Specialist Agents and Slash-Command Skills: Dividing Labor for AI Coding

Why N specialists beat one generalist LLM, how role / skill / agent differ, what ships in the free Orchestrator (45 agents, 52 skills, AGPL-3.0), and what the upcoming Multi-Agent Orchestrator adds on top.

One generalist, or many specialists?

The default mental model for using a coding LLM is still "one chat, one model, one long conversation." It works until a task involves planning, implementation, testing, review, and documentation. Then a single conversation drags context from every phase into every other phase—the model confuses requirements with artifacts, review comments with code, and what it just finished with what it should do next.

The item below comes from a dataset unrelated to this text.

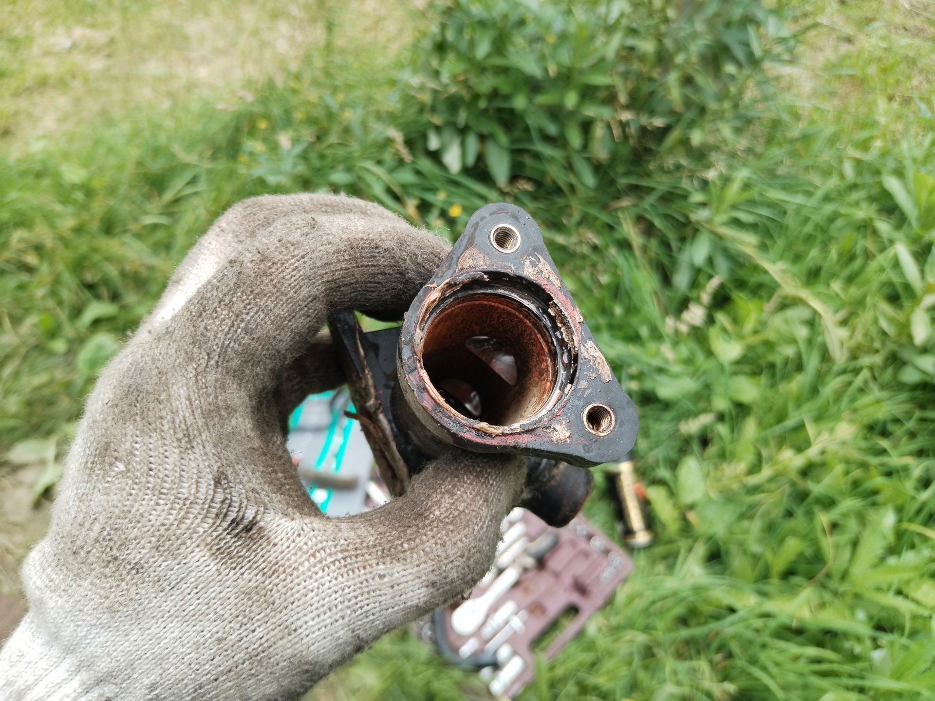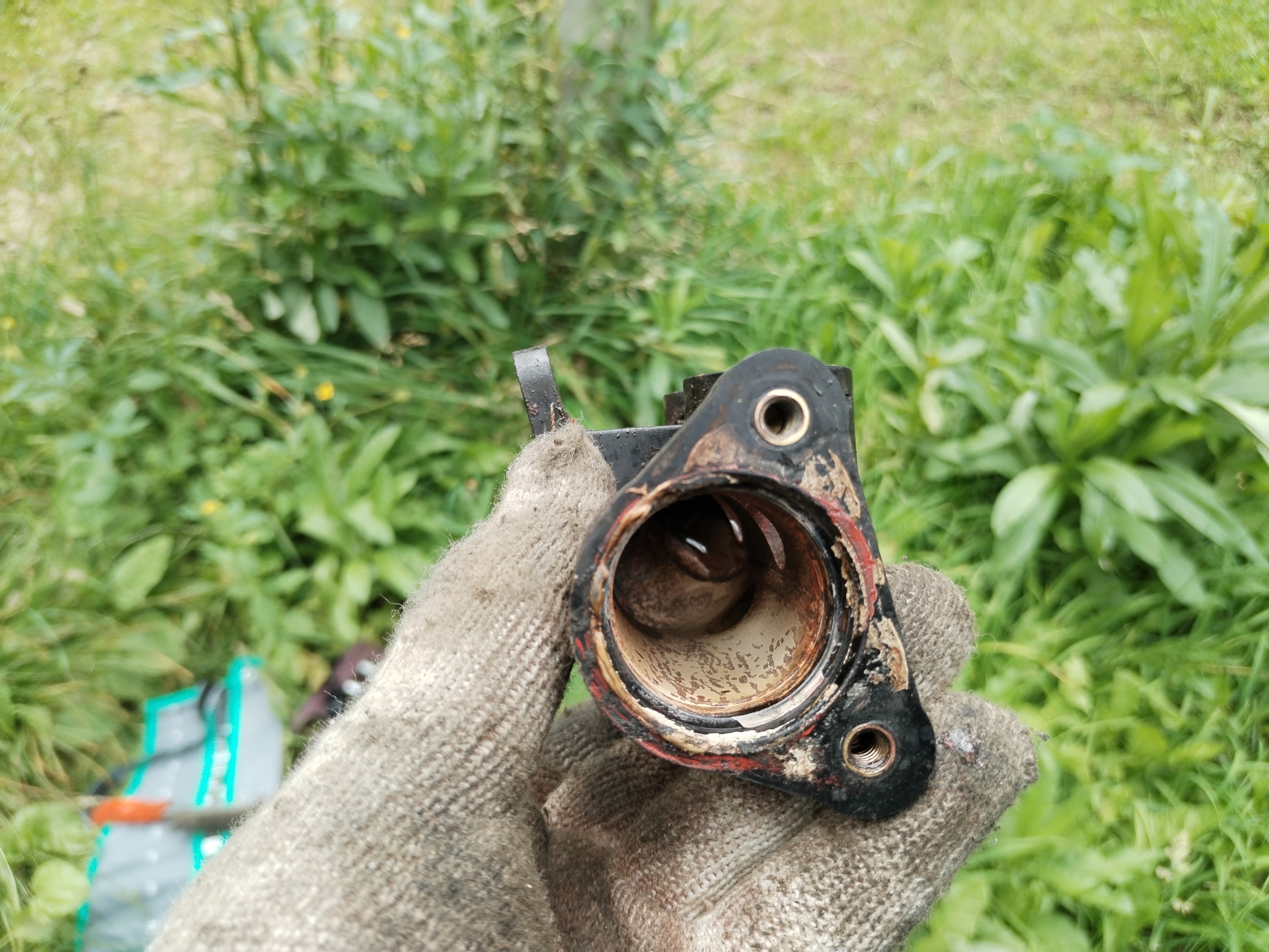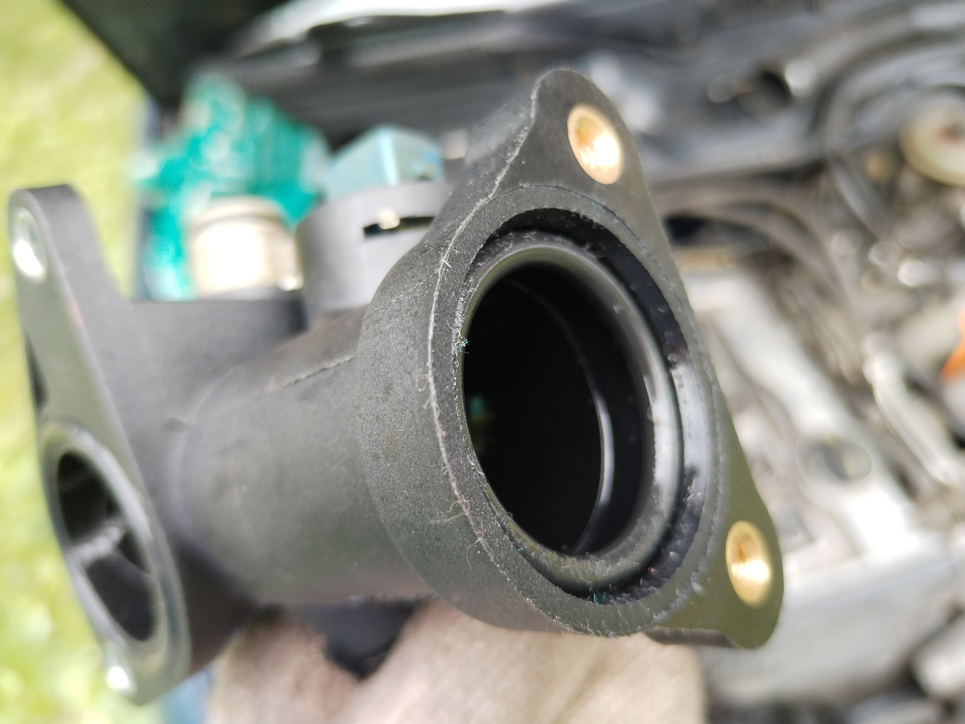 2. Фланец (тройник) "Улучшенной системы охлаждения". По дороге в город загорелась лампочка температуры, остановился и тут же из под капота повалил пар! Через минут 5 причина была найдена, патрубок фланца выдавило и вся ОЖ вытекла. Звонок близким, привезли воды накинул обратно патрубок (Благо стопорное кольцо не пролюбилось) залил воды и к дому. Через дней 5 ситуация повторилась только уже прям у дома. Замена фланца немного Ох.ел от того как было сделано и проблема решена. Так же замена уплотнительных колец сразу на все датчики, 2 на фото, третий возможно на климат (не могу точно сказать).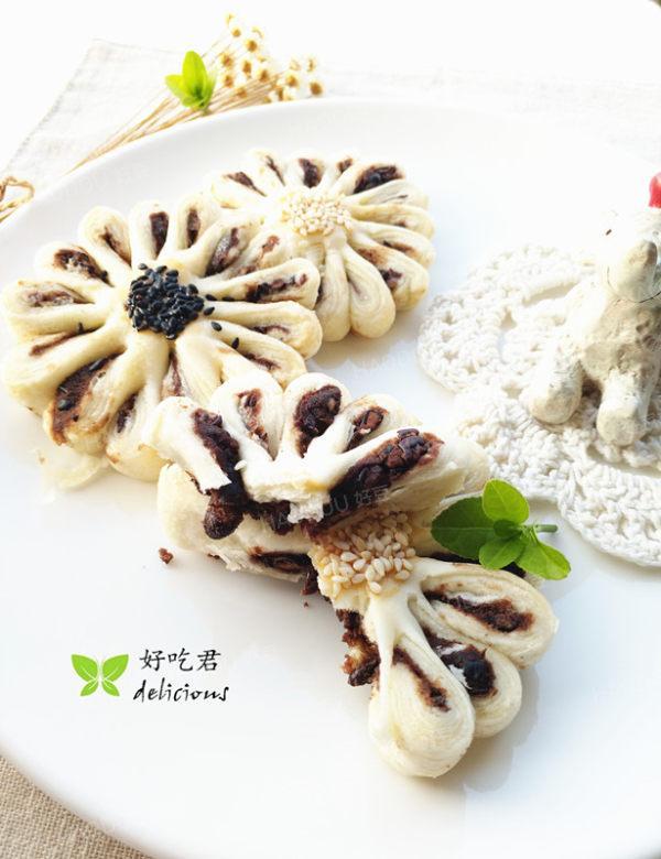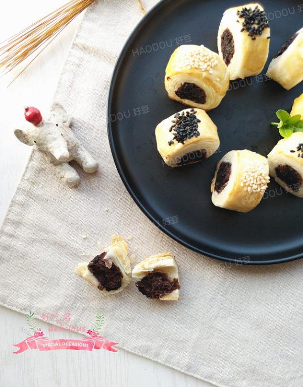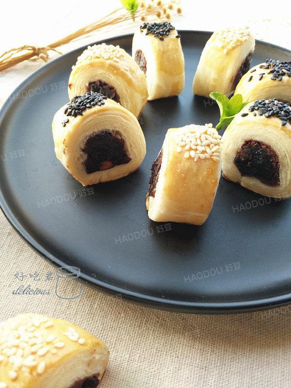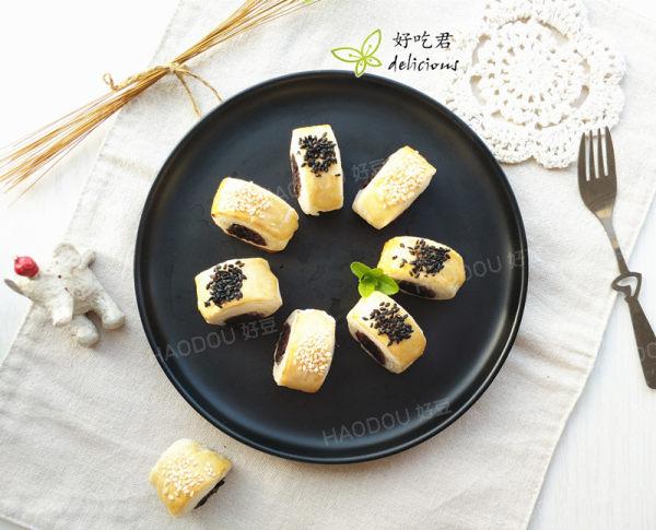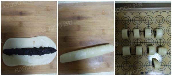 3.將面團(tuán)搟開(kāi),搟長(zhǎng),放入豆沙餡,收口包好。切成大小均勻的塊兒狀。

Literature on agentic systems shows a pattern. Anthropic's multi-agent research system spawns specialist agents in parallel, each with its own context window, tools, and trajectory. On their research benchmark, this beat single-agent Claude Opus 4 by over 90%—at the cost of 15× more tokens. The takeaway is not "always go multi-agent," but that for tasks with clear sub-problems, parallel specialists outperform a monolithic conversation.

Role, skill, agent: three units of specialization

Three distinct concepts:

A role prompt is a one-off instruction: "act as a security reviewer for this diff." Ephemeral, unversioned, no trace.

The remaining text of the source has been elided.